Despite assurances by the Nigerian National Petroleum Corporation that the Port Harcourt Refining Company Limited will start refining crude oil by the end of last month, findings have shown that the plant has yet to start delivering on the target.
This is coming as civil society organisations have called on the Federal Government to cut down the volume of crude being supplied to the four refineries based on the fact that the facilities are producing far below the 445,000 barrels, which they get on a daily basis.
It was, however, learnt that the Port Harcourt refinery had started receiving crude oil through boats for commercial processing, but it had yet to commence the production of refined petroleum products.
Our correspondent gathered that the rehabilitation of the plant had reached an advanced stage, but sources explained that the refinery was far from being ready to refine crude.
Mid last month, the Group Managing Director of the NNPC, Dr. Joseph Dawha, disclosed that the PHRC would start refining crude oil and contribute to petroleum products’ availability by the end of June.
Dawha had said, “Presently, the refineries are undergoing rehabilitation and we are undertaking what we call a new strategy to carry out the turnaround maintenance on them. Basically, what this means is that we are carrying out phased implementation of the rehabilitation of the refineries. We are taking the refineries unit by unit and carrying out turnaround maintenance on them.
“Most of the refineries have advanced to a certain stage where they will be able to operate very soon. For example, the Port Harcourt refinery, which has reached an advanced stage, will start receiving crude by end of this month and then, of course, will start contributing to the available products in the country.”
The NNPC has four refineries, two in Port Harcourt, and one each in Kaduna and Warri. They have combined installed capacity of 445,000 barrels per day. A comprehensive network of pipelines and depots strategically located throughout Nigeria links these refineries.
But sources confirmed to our correspondent that the pipelines were hardly being used to transport crude and refined products to and out of the refineries due to the activities of vandals who regularly rupture the pipelines.
The Group General Manager, Public Affairs Division, NNPC, Mr. Ohi Alegbe, stated that crude oil was being transported to the Port Harcourt refinery through boats, and noted that the natural resource would get to the facility by the end of this week.
“Crude is being supplied to the Port Harcourt refinery, and you know we are using marine to do the supply. Before the end of the week, they will get crude in Port Harcourt,” he said.
When asked if the refining process would start once the crude oil hit the refinery this weekend, Alegbe replied, “It is a long process. However, once they start production and get the crude, I will let you know.”
Meanwhile, the representative of civil societies on the Board of the Nigeria Extractive Industries Transparency Initiatives, Mrs. Faith Nwadishi, has argued that the four refineries combined are refining far below the 445,000 barrels of crude being supplied to them daily.

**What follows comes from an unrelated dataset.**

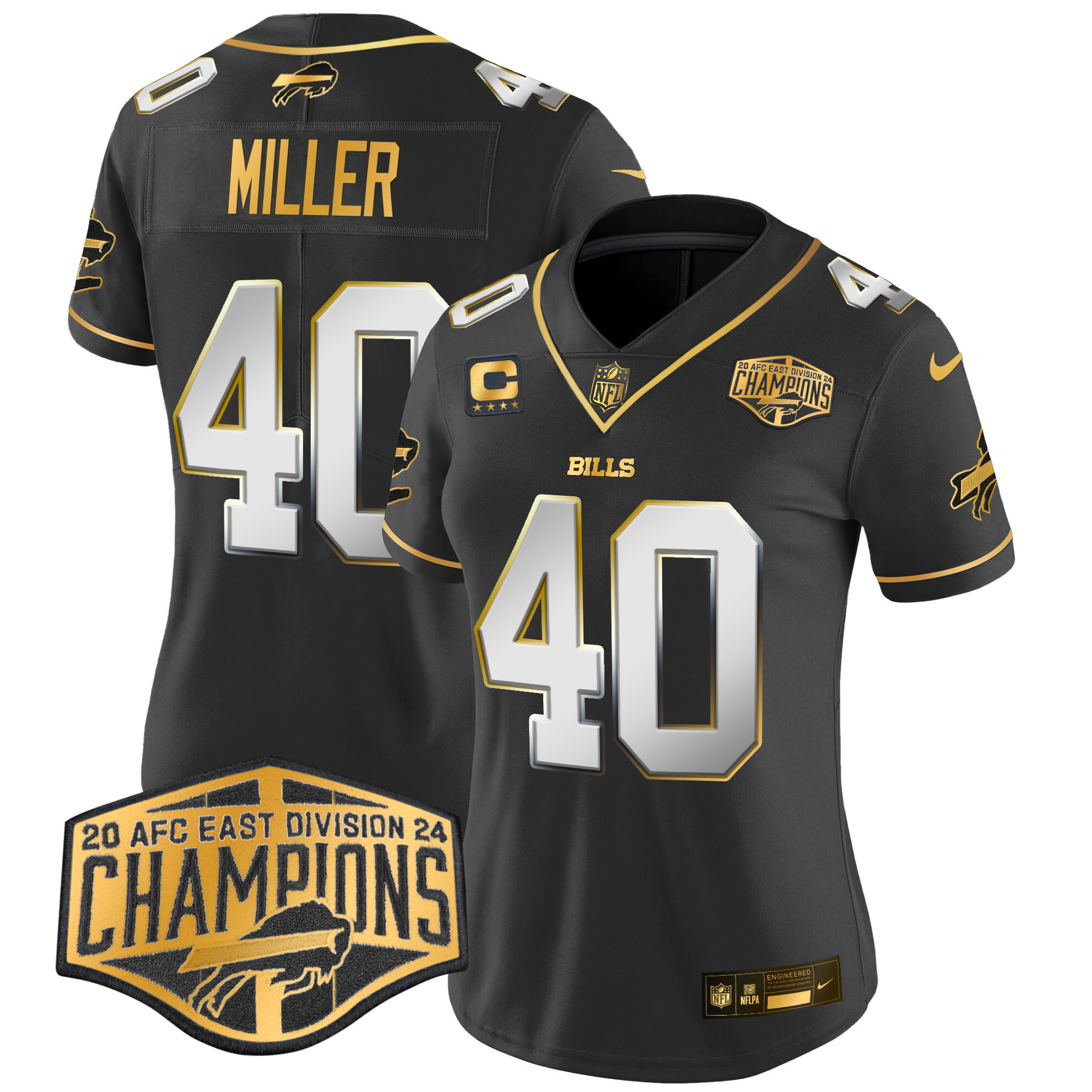 Matt Milano Women’s Buffalo Bills 2024 AFC East Division Champions Gold Vapor Limited Black Limited Jersey – All Stitched

Nwadishi, who is the National Coordinator, Publish-What-You-Pay as well as the CSOs representative on the global EITI board said, “We all know that when the four refineries perform at optimum capacity, they can only produce at 50 per cent. They cannot deliver 100 per cent of the 445,000 barrels per day that they get.
“Now, even if the NNPC decides today that the four refineries will work at 100 per cent capacity, we know that their 100 per cent capacity can refine only 50 per cent of the 445,000 barrels that they get on daily basis.”
She added, “So, what we are saying is that the four refineries put together in Nigeria operate around 20 per cent average and by the time the Port Harcourt refinery is operating at 80 per cent capacity, it can only raise that average to about 25 or 30 per cent. So, the problem still persists.
“Therefore, what we are asking for is that there should be transparency in the turnaround maintenance of our refineries. Why should Nigeria to go to smaller countries like Chad to refine our crude? If we know that the NNPC does not have the capacity to refine 445,000 barrels per day, let us give them exactly what they can refine.”
The Managing Director, Pipelines Product Marketing Company, Mr. Haruna Momoh, had stated last month that the NNPC was importing 50 per cent of the refined petroleum products being consumed in the country.
He explained that when the ongoing rehabilitation and turnaround maintenance of the Port Harcourt refinery was completed, the plant would run at 80 per cent of its installed capacity and produce five million litres of petrol on a daily basis.